The 12 Days Of Christmas

Christmas is more expensive this year.  3.5% more expensive:

Giving the holiday presents of a French hen, a milking maid, a leaping lord or even a partridge in a pear tree is rather unlikely in this day and age. But the gifts from the favorite holiday carol “The 12 Days of Christmas” are lighthearted clues to how the economy is faring.

Over all, prices are fairly stable and not rising precipitously for even the quirkier gifts, according to the Christmas Price Index released for the 28th year by PNC Wealth Management, part of the PNC Financial Services Group. On the down side, the price tag for the eye-popping 364 items and services in each of the song’s verses breaks $100,000 for the first time this year.

Gold, for example — as in the five golden rings — has fallen in price. Those rings (fairly lightweight ones, one would think) come to $645, down from $649.95 last year. Even though gold commodities, an investor haven, have been hovering at record highs recently, the demand for gold at retail has been weakening.

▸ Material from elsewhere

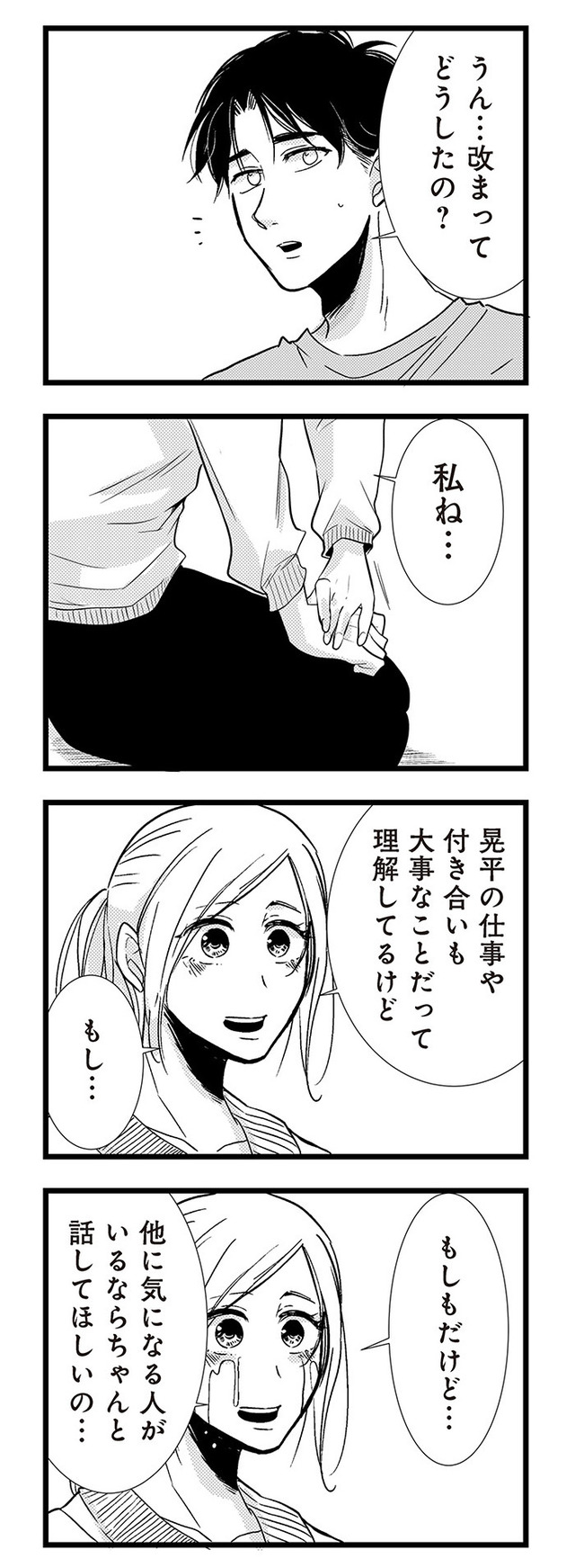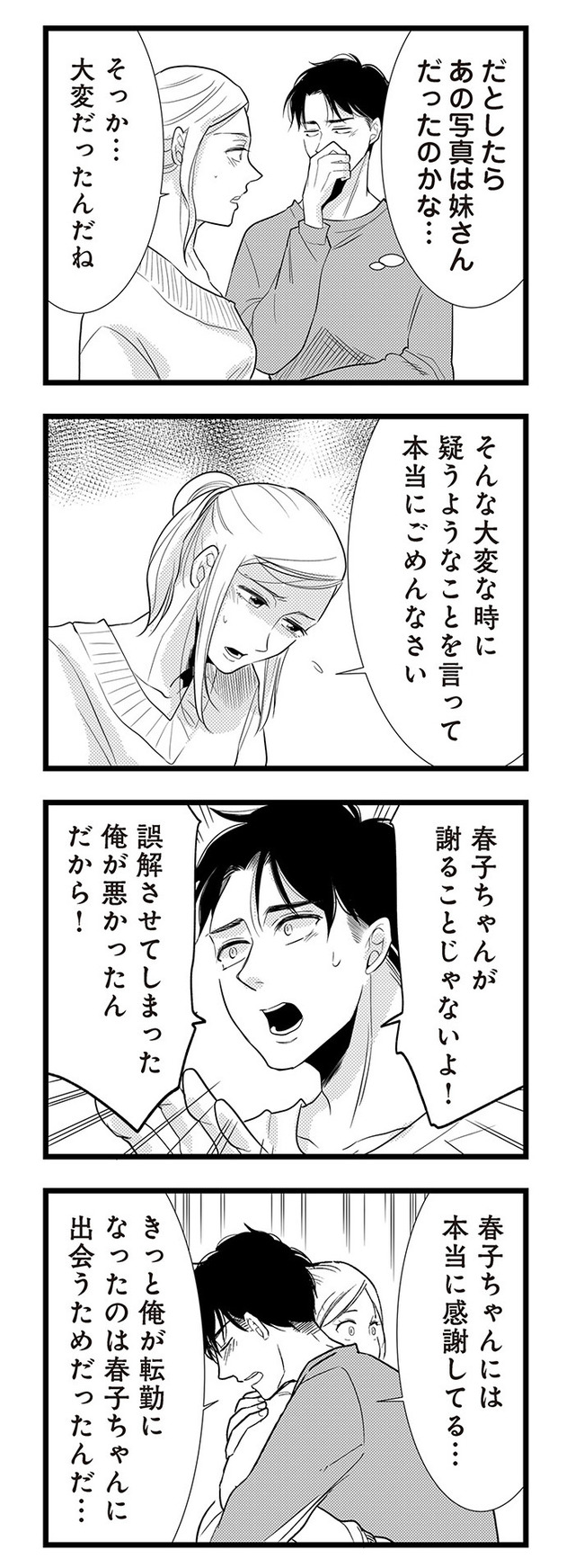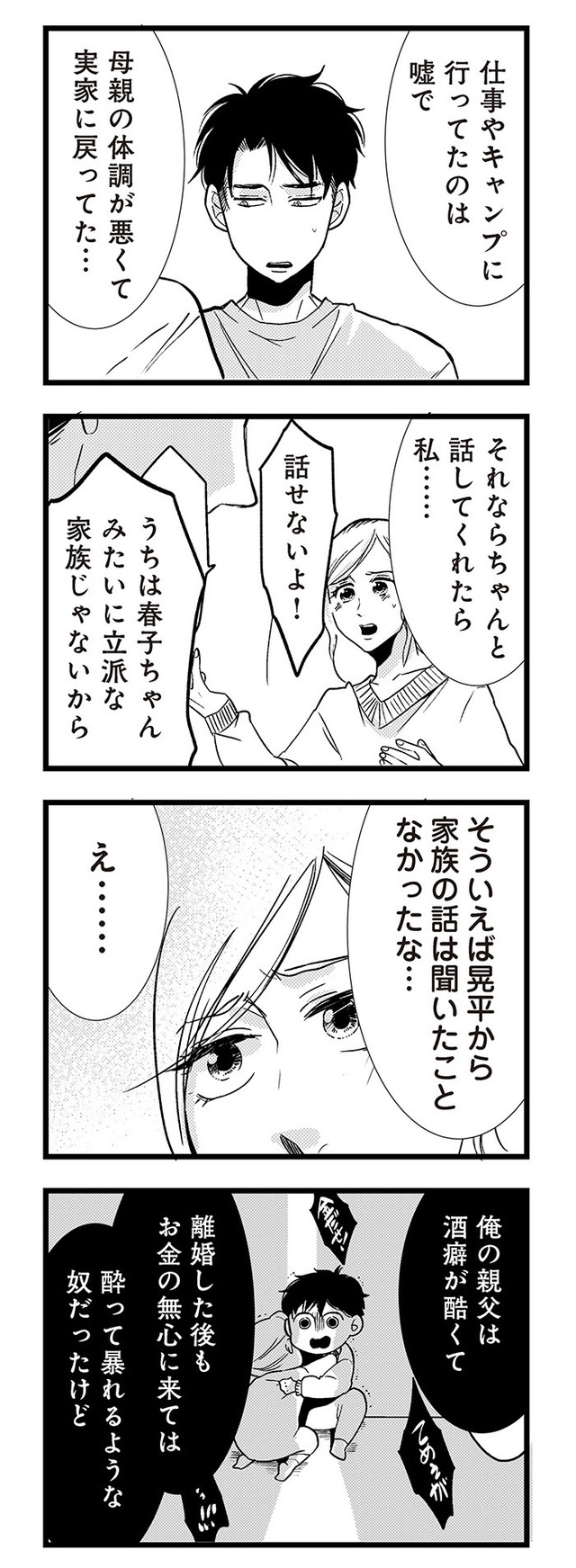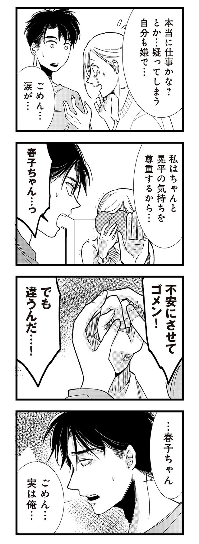 ところがある日、晃平から「これからは平日に会わない?」という謎な提案が…。胸に不安を抱えつつも彼を信じようとする春子。

Unsurprisingly, labor costs remained fairly flat. The nine ladies dancing, for example, remained static, at $6,294, the same as last year, according to figures from Philadanco, a dance company in Philadelphia. The 11 pipers piping, at a price of $2,427.60, and 12 drummers drumming, for $2,629.90, were up modestly, about 3 percent. The only unskilled laborers in the verses are the eight maids-a-milking, who are calculated as earning the $7.25 minimum hourly wage. That wage did not rise in 2011 for the second straight year, so their cost stayed the same.

The price tag for one round of gifts is $24,263.18 this year, up $823.80 from last year. Repeating the gifts totaled slightly more than $101,000, a gain of 4.4 percent, also close to the federal price index.

It would be fun to “gift” the 12 days of Christmas one year.